Por Miguel Solano
La policía mata, alegremente. Y lo hacen para satisfacer la doctrina, para mostrarles a sus entrenadores extranjeros que son dignos de confianza y que pueden tenerlos en cuenta para situaciones de control…
No olvidemos que a los militares y a la policía se les enseña a ser violadores. Se les enseña cómo destrozar a un individuo indefenso, se les enseña cómo torturar sus órganos genitales, se les enseña a destruir sus rostros y violarlos sexualmente, sin importar si es hombre o mujer, niño o niña, loco o cuerdo.
Cuando realizan sus prácticas «sometedoras», los policías están llamados a siempre disfrutar los gritos de sus víctimas, para vivirlos en sueños.

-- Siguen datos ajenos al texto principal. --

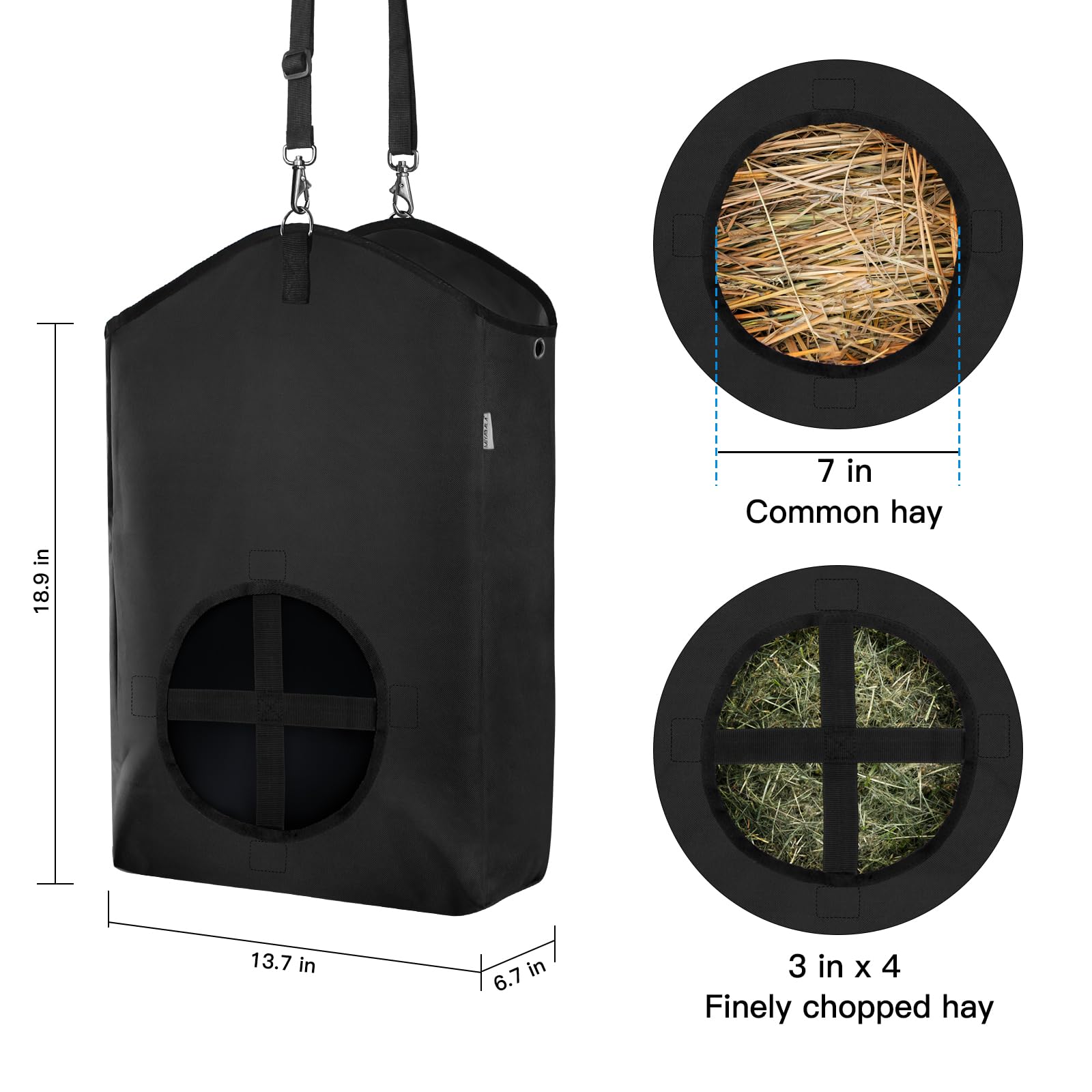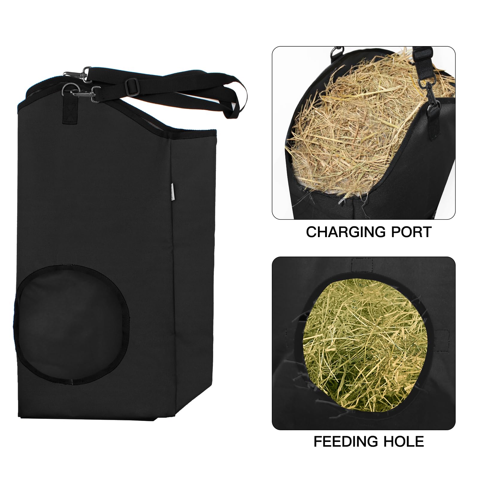 Specifically designed for storing hay and feeding goats, this hay feeder bag is also suitable for horses, donkeys, cattle, and other livestock. Its large top opening makes loading hay a breeze. Whether you hang it indoors, outdoors, on trees, in corrals, or pastures, this versatile bag is a reliable choice for convenient feeding.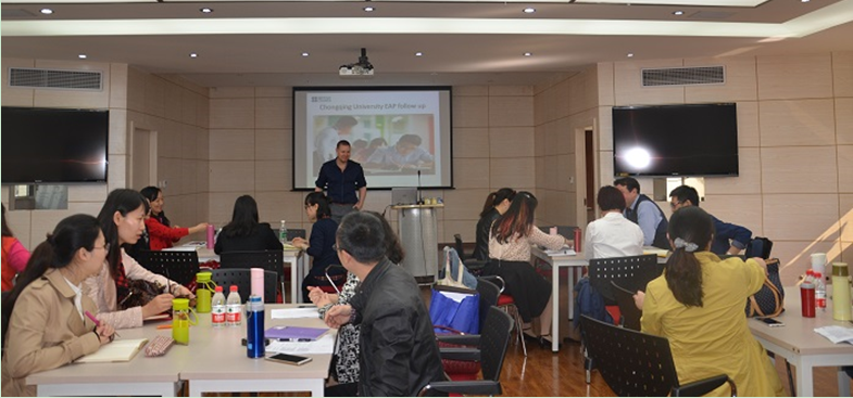 及英国总领事馆文化教育处合作举办的学术英语(EAP)教师发展项目跟进培训圆满结束。此次培训是2016年11月EAP教师发展项目的后续跟进环节,旨在让受训学员在总结反馈第一阶段培训培训效果,加深受训教师对EAP的理解,促进EAP课程建设和教学实践。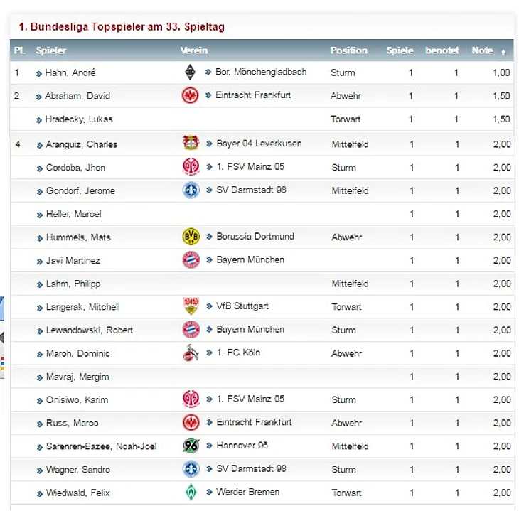 Благодаря волевой победе над уже обеспечившим себе бронзу чемпионата «Байером» менхенгладбахская «Боруссия» практически обеспечила себе место в лигочемпионской четверке. Из преследователей «жеребцов» в туре удалось одержать победу только «Майнцу», таким образом «Боруссия» опережает «карнавальщиков», «Герту» и «Шальке» на три очка перед финальным туром, имея комфортное преимущество в разнице мячей. Героем дня в Менхенгладбахе стал Андре Хан, забивший дубль в этой важнейшей для «жеребцов» встрече.
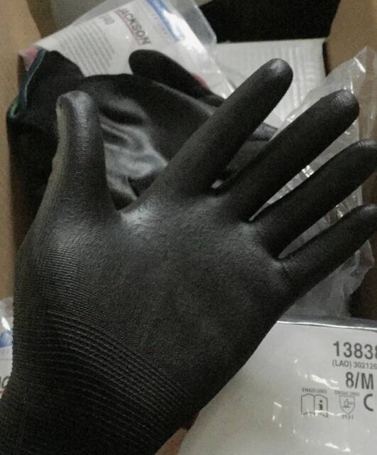 Sarung tangan dari Kimberly-Clark ini mengalami transisi perubahan brand dari Jackson MENJADI Kleenguard (Part number, sertifikat dan spesifikasi TETAP SAMA)Ukuran: M/8, L/9MOHON MENYANTUMKAN UKURAN Sarung Tangan Mechanic Safety *Jackson G40 Polyurethane Coated Glove Original Product Kleenguard *Brand Safety Glove *Trademark of kimberly-Clark USPanjang : 8"Keterangan :Sarung tangan safety yang memberikan perlindungan extra, tahan terhadap oli/minyak/grease, anti abrasi, daya cengkeram yang kuat walaupun dalam kondisi basah/berminyak, kondisi perkerjaan basah & kering, tidak panas bila digunakan untuk waktu lama,Dapat dicuci sehingga dapat dipakai berulang-ulang, jauh lebih sensitif dibanding sarung tangan kulitKode produk: 13838, 13839Penggunaan: General maintenance, assembly, Manufacturing, Electronic Assembly, Controls Handling, Packaging, inspection Material: Nylon with Polyurethane CoatedSertifikat : EN 388:2003 : 3131 / CE 0321Varian glove ini menawarkan :- Excellent Dexterity : Ideal untuk menangani komponen-komponen kecil- Tidak mudah kotor (Dapat dicuci berulang2)- Seamles Knit Nylon Back : Punggung sarung tangan terbuat dari bahan nylon tanpa jahitan sehingga tidak panas dan nyaman saat digunakan- Good Tear & Abrasion Resistance- Excellent Grip : Untuk pekerjaan basah dan berminyak- Hand Spesific : Untuk gerak yang lebih ergonomis (tidak kaku)#sarungtangan #sarungtanganfashion #sarungtanganmotor #sarungtangansafety #s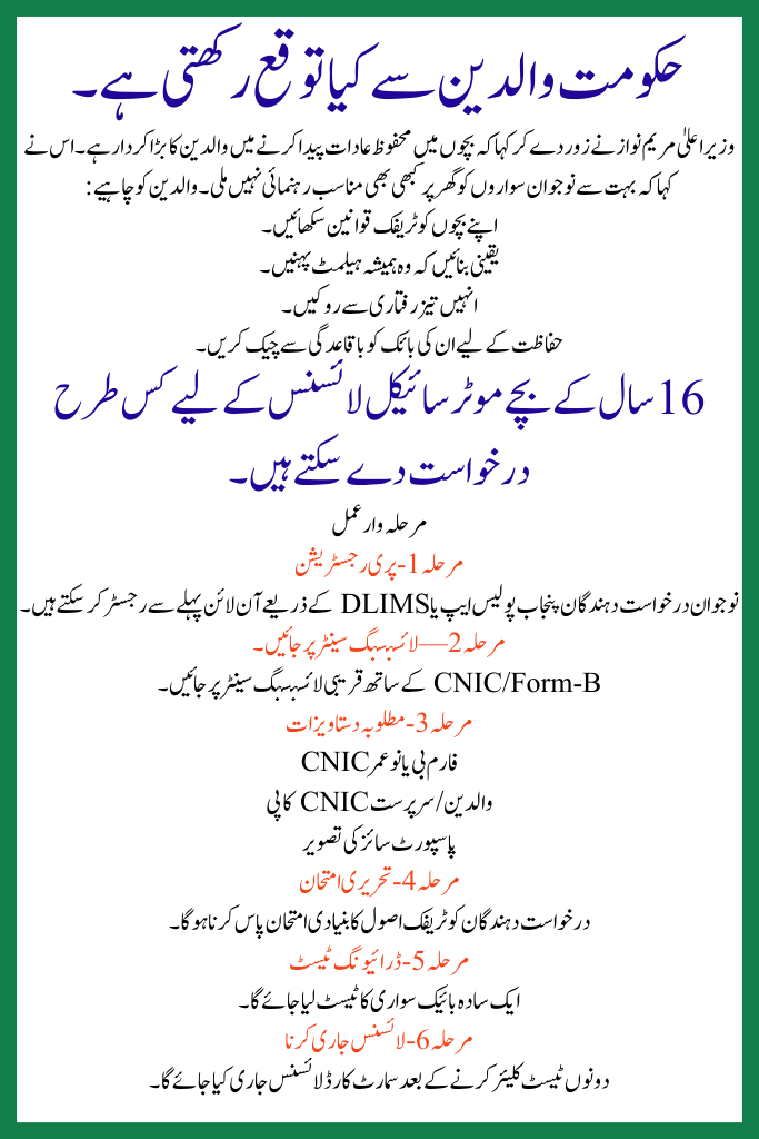 Step-by-Step Process for 16-Year-Olds in Punjab to Get Motorcycle Licenses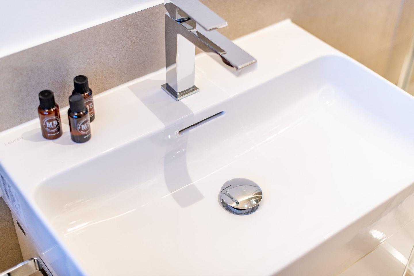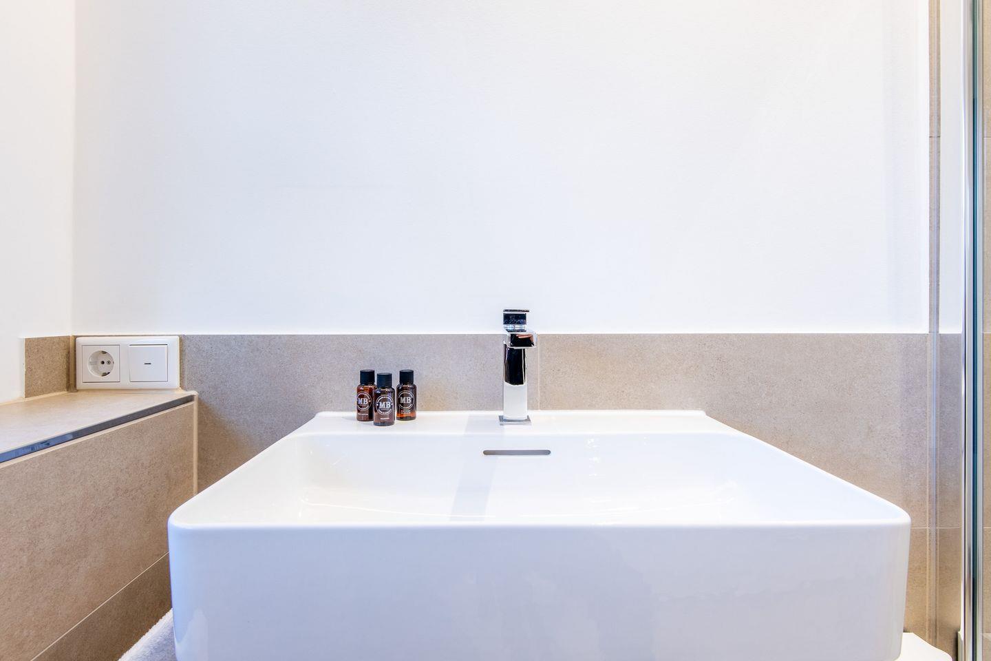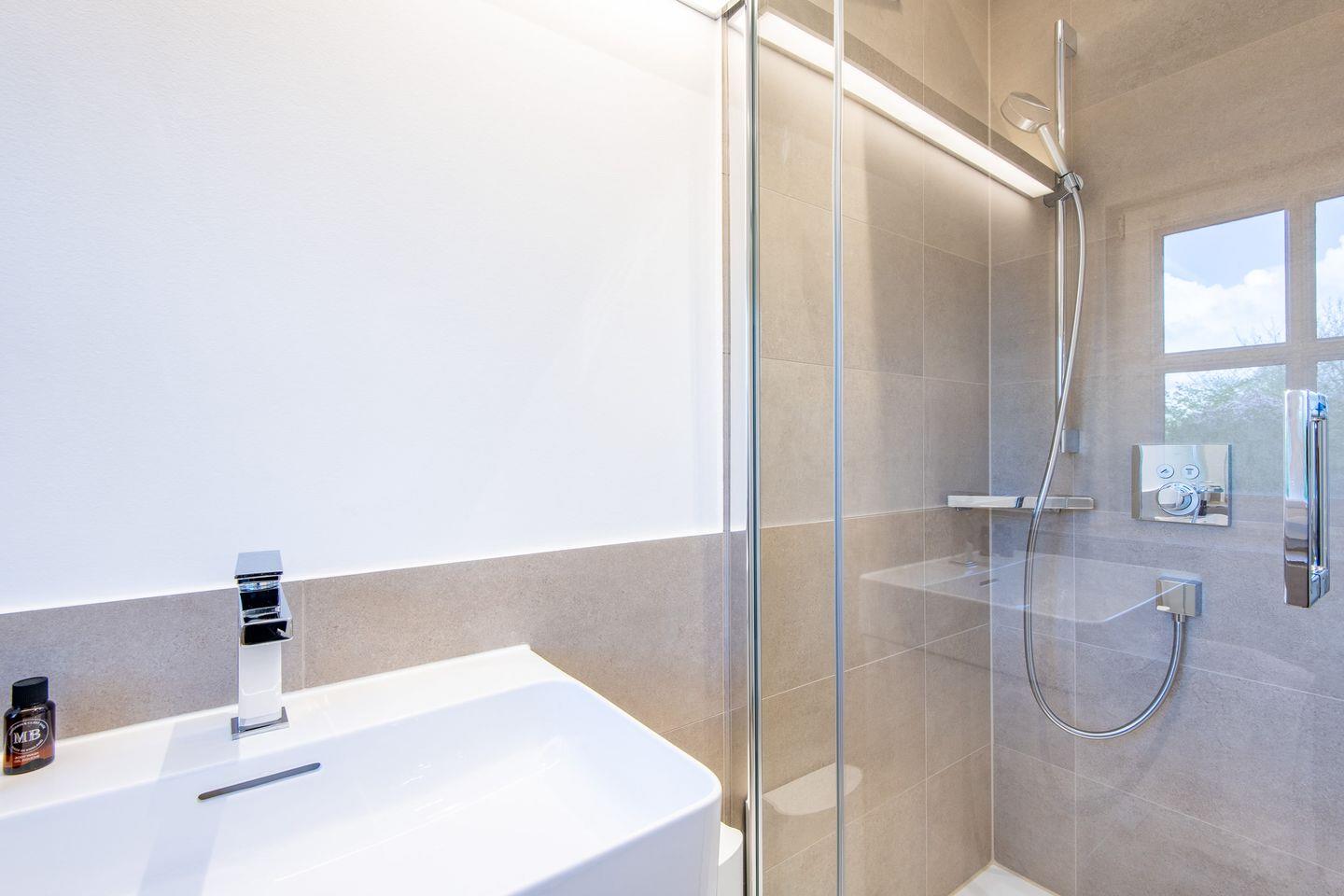 Das moderne Badezimmer verfügt über eine ebenerdige Dusche, ein WC, einen Handtuchwärmer und Tageslicht. Es bietet Ihnen den nötigen Komfort für einen entspannten Start in den Tag.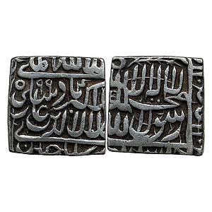 Mughal Akbar Urdu Zafar Qarin Mint Silver Square Rupee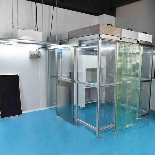 潔凈棚是一種簡(jiǎn)易潔凈室,具備多種潔凈等級(jí)及空間搭配可以根據(jù)使用需求設(shè)計(jì)制作,因此其運(yùn)用彈性大、安裝容易且施工期短。潔凈棚是一種可提供局部高潔凈環(huán)境的空氣凈化設(shè)備,既可懸掛,又可地面支撐,結(jié)構(gòu)緊湊,使用方便。可以單個(gè)使用,也可多個(gè)連接組成帶狀潔凈區(qū)域。潔凈棚采用工業(yè)鋁材(或不銹鋼方通、鐵方通噴塑)作為框架,風(fēng)機(jī)濾網(wǎng)機(jī)組(ffu)送風(fēng),四周懸掛防靜電垂簾(或有機(jī)玻璃),其內(nèi)部?jī)艋?jí)別可達(dá)到100-10000級(jí)。適用于操作區(qū)內(nèi)局部?jī)艋?jí)別要求高的區(qū)域。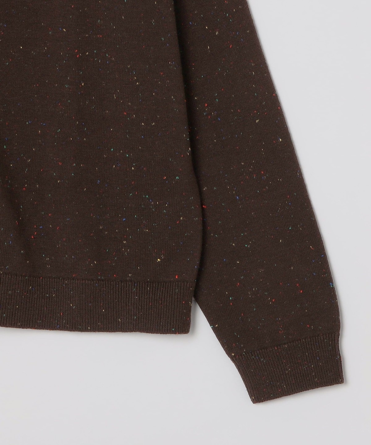 様々なカラーのネップが表面に散りばめられた、表情のある一枚です。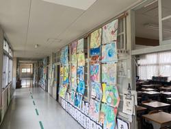 ◆どの学年も図工の時間に読書感想画に取り組んでいます。現在制作中の学年、今週から始める学年、完成して廊下に掲示している学年など、進み具合はさまざまです。掲示された作品や、廊下の網棚に並ぶ途中の作品を眺めていると、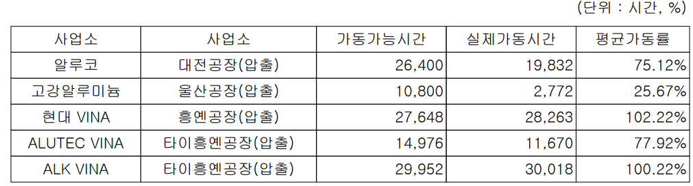 2020년 생산 실적에서는 고강알루미늄이 경영난을 겪으면서 가동률이 부진한 것 외에 기타 주요 공장의 가동률은 75% 이상을 기록했습니다.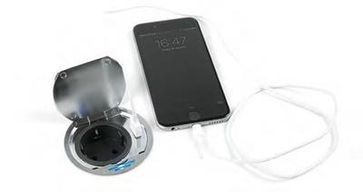 Блок электрических розеток с наполнением: 1 розетка 220В и 1 USB зарядка (1 ампер), LED подсветка, диаметр отверстия для врезки - 70 мм, длина силового кабеля -1 метр. Цвет анодированный алюминий. None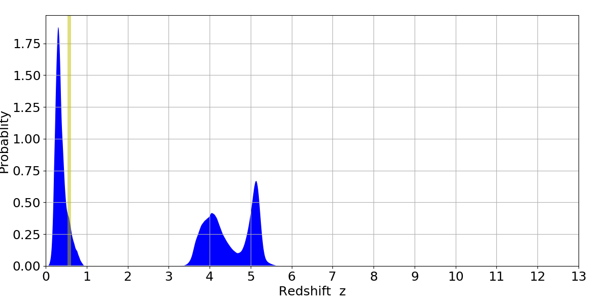 In P(z) plots: Yellow lines mark the cluster redshift z = 0.570,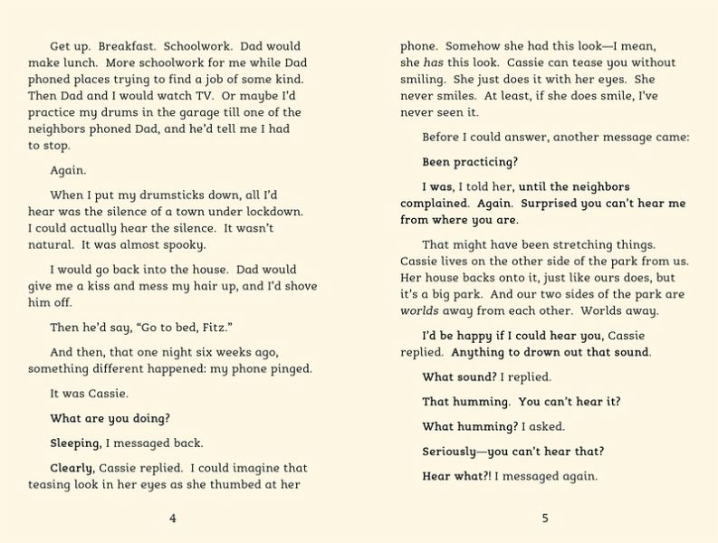 Cassie Cotton has always been unusual, a bit different--but this only makes her more intriguing to her school friend Fitz. Cassie can hear a noise that no one else can, and she believes it's a sound that shows the Earth is in distress, damaged by human activity that is causing climate change. When this belief leads to her being ridiculed and bullied at school, Cassie disappears. Fitz is determined to find her, but he has no idea where to start looking, or if he'll be in time to help her . . .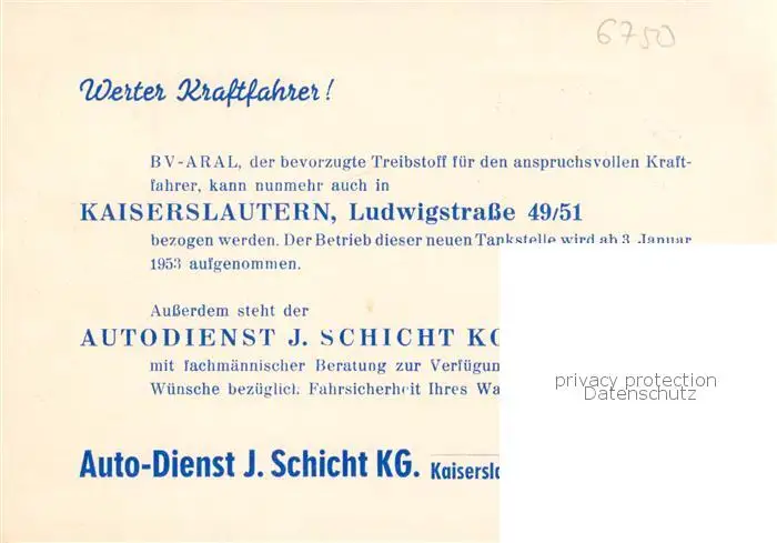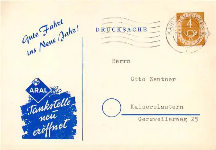 73852847 Kaiserslautern Neueroeffnung einer Aral Tankstelle Kaiserslautern postalisch gelaufen 1952 Erhaltung siehe scans [WerneD78] [WernPID7 ]

Y los políticos se creen héroes porque suelen poder decir :»Cancelarlos y someterlos a la justicia» La frase más emocionante que pronuncia un militar es :»¡Quitese la ropa, coño!» La actual administración entiende que practicar prohibiciones es un buen aliento para la doctrina.
¿Puede el gobierno entender que es un dilema de doctrina, de entrenamiento? ¿Puede el gobierno elaborar una diferente doctrina militar, aplicar un diferente entrenamiento?
Claro que sí, pero para hacer eso hay que trabajar en las causas, no en los efectos. Y trabajar las causas de los dilemas sociales nunca ha estado dentro del pensamiento de la actual administración.
Los conceptos emitidos en este artículo son de la responsabilidad del autor.